Work to be completed:
Your answer must be the full listing, word for word, with no images in it.

Excerpted data:
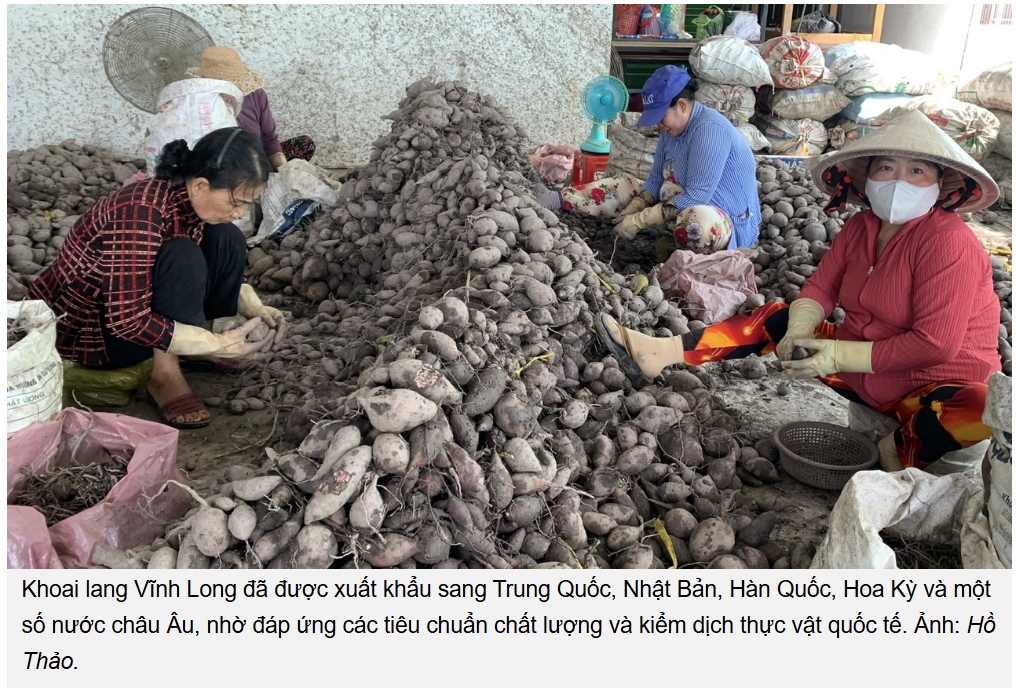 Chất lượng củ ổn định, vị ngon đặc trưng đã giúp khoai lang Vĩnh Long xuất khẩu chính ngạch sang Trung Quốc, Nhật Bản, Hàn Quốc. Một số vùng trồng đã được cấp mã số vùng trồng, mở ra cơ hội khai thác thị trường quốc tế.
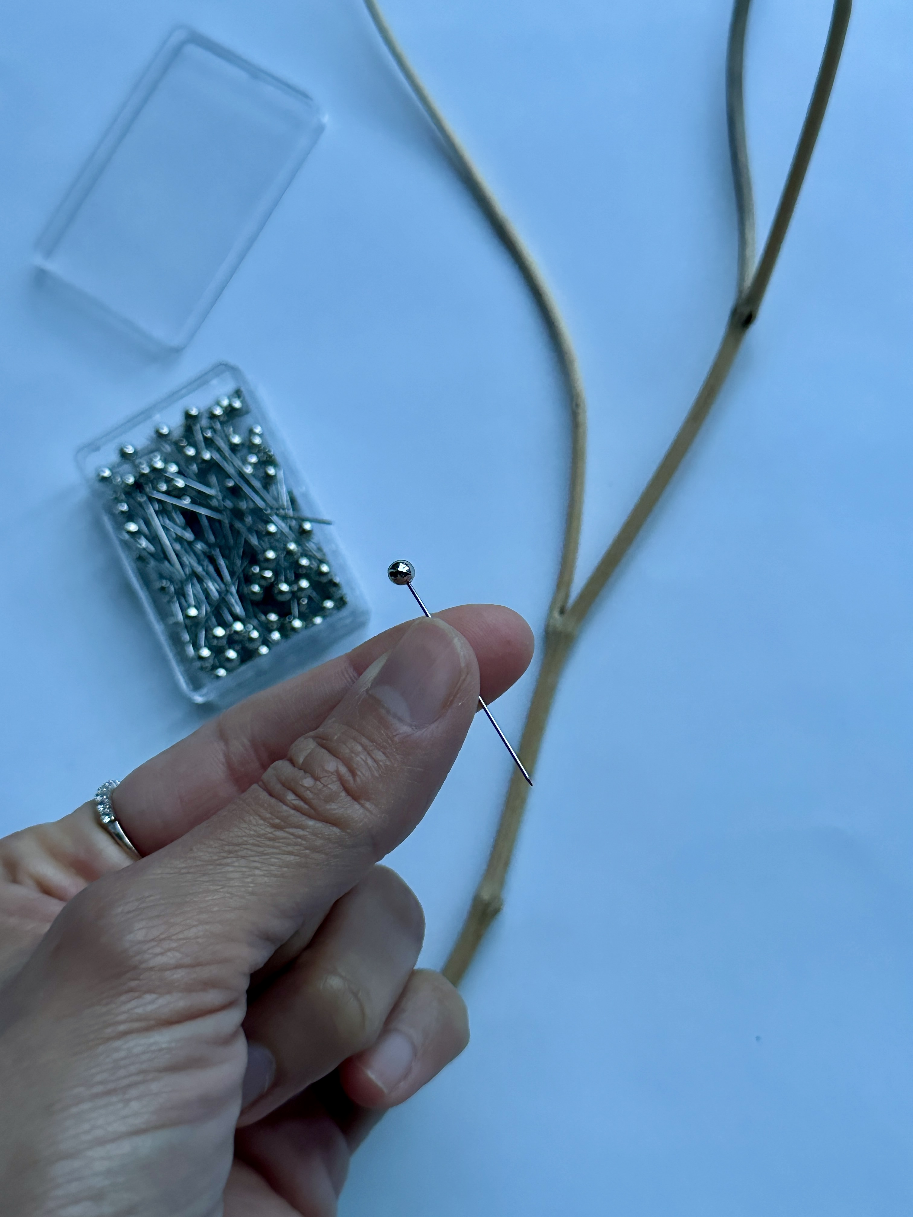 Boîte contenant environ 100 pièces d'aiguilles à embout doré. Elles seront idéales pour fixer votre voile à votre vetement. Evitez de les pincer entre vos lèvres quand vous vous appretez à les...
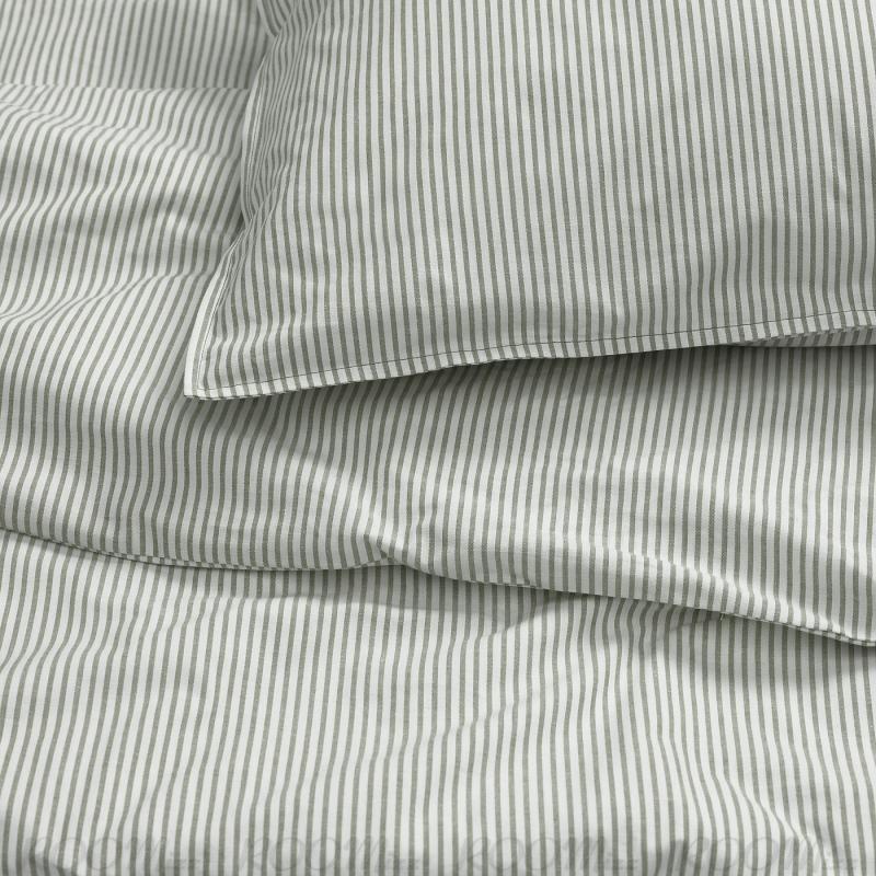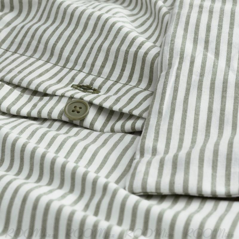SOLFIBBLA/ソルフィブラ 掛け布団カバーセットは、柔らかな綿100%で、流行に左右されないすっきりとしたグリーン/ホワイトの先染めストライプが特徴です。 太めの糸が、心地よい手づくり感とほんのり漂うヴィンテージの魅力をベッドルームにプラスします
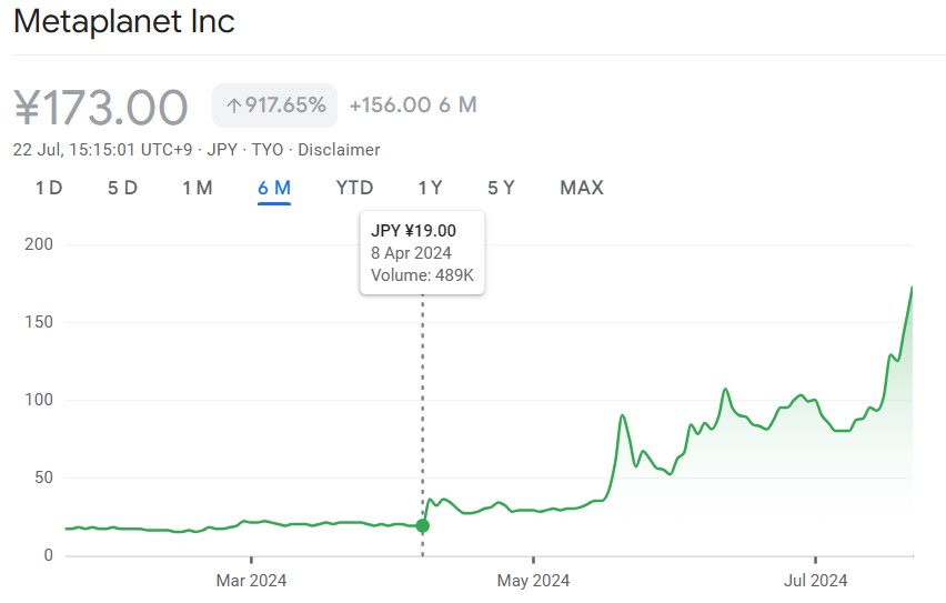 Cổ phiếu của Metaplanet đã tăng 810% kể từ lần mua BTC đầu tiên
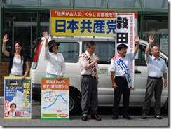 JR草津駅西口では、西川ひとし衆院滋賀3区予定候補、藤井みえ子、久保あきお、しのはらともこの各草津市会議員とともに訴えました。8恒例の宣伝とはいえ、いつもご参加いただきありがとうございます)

Reply to the exercise:
 Chất lượng củ ổn định, vị ngon đặc trưng đã giúp khoai lang Vĩnh Long xuất khẩu chính ngạch sang Trung Quốc, Nhật Bản, Hàn Quốc. Một số vùng trồng đã được cấp mã số vùng trồng, mở ra cơ hội khai thác thị trường quốc tế.
 Boîte contenant environ 100 pièces d'aiguilles à embout doré. Elles seront idéales pour fixer votre voile à votre vetement. Evitez de les pincer entre vos lèvres quand vous vous appretez à les...
SOLFIBBLA/ソルフィブラ 掛け布団カバーセットは、柔らかな綿100%で、流行に左右されないすっきりとしたグリーン/ホワイトの先染めストライプが特徴です。 太めの糸が、心地よい手づくり感とほんのり漂うヴィンテージの魅力をベッドルームにプラスします
 Cổ phiếu của Metaplanet đã tăng 810% kể từ lần mua BTC đầu tiên
 JR草津駅西口では、西川ひとし衆院滋賀3区予定候補、藤井みえ子、久保あきお、しのはらともこの各草津市会議員とともに訴えました。8恒例の宣伝とはいえ、いつもご参加いただきありがとうございます)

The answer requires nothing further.